Did you put new U-joints in it yet
Not yet, but they are on the way (Matsubas from Cruiser Outfitters). Also, I fixed my leaking shop press so it will make it easier to swap them once they get here. I'll report back once I have them installed and tested. Doing the fronts too, while I'm at it.
 
OK, the rear U joints are in. cruisermatt, you nailed it... almost all of the vibrations are gone. Very drivable now! Many thanks to everyone on this thread... I learned a lot! Now on to working on getting the steering less squirrely and maybe taking a leaf out of the rear so I can take all those weights out of the back. I also just scored an original jerry can and holder, so that will help pull the rear down a bit.
 
Update for those interested: I took a leaf out of the rear spring pack, replaced front and rear 2* shims with 4* and got serious about accurately setting the front toe (I have it at 1/8" toe in with the 33's). Another quantum of improvement for the rear vibrations and the truck is now level without additional weight in the back! It handles noticeably better on the road and around corners, tracks great, but steering is still a bit squirrely when on and off the throttle. Also, in 4H/4L, the front vibrates too much on acceleration. Here are the geometry readings after all the adjustments:

Front
DL Angle: 10.9*
Pinion Angle: + 0.7*
TC Angle: + 1.3*

Rear
DL Angle: 12.7*
Pinion Angle: + 3.0*
TC Angle: - 2.0*

The front geometry is really not right, so I think I will swap in 6* shims up front. That should make the TC and Pinion parallel and add another 2* of caster which *should* help with the squirrel. After that, I think I'll update the diffs with rebuilds and lockers. The (original) rear diff has quite a large lash, which could also be the source of the remaining vibrations.

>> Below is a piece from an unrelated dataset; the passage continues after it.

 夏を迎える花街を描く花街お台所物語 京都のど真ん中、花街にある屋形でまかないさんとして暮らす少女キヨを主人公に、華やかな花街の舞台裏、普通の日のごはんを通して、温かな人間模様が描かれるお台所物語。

But first... I think I'll drive her while she is still on her feet!!!
 
The front geometry is really not right, so I think I will swap in 6* shims up front. That should make the TC and Pinion parallel and add another 2* of caster which *should* help with the squirrel. After that, I think I'll update the diffs with rebuilds and lockers. The (original) rear diff has quite a large lash, which could also be the source of the remaining vibrations.

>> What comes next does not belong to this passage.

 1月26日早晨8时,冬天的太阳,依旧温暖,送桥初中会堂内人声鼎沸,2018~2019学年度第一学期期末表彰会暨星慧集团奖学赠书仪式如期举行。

Usually, you needn't worry about keeping the front u-joint working angles equal but opposite, since it only comes into play in 4WD, and you're usually driving slow in 4WD. So use shims to set the caster, and don't worry about the driveline angles on the front.

On the rear, you want to get the u-joint working angles as close to equal but opposite as possible. Your current angles are within one degree of each other, which should be acceptable.
 
Usually, you needn't worry about keeping the front u-joint working angles equal but opposite, since it only comes into play in 4WD, and you're usually driving slow in 4WD. So use shims to set the caster, and don't worry about the driveline angles on the front.

On the rear, you want to get the u-joint working angles as close to equal but opposite as possible. Your current angles are within one degree of each other, which should be acceptable.
Yep, thanks... I'm really happy with the rear geometry. The only time I might want to drive "fast" in FWD is on snowy roads, but we are only talking 30-40 MPH. Since I want to try more caster in front anyway, it's just a bonus that it will help the front geometry. It's been fun so far... the step-wise upgrading has worked well to educate me on how the truck works and all the input from the forum has been super helpful!
 
And, BTW, mostly I've been test driving it in 2H, but did put it in 4H and 4L the other day to test that out and I think it actually quieted it down a tad! So, I'm quite sure the vibrations are coming from the rear.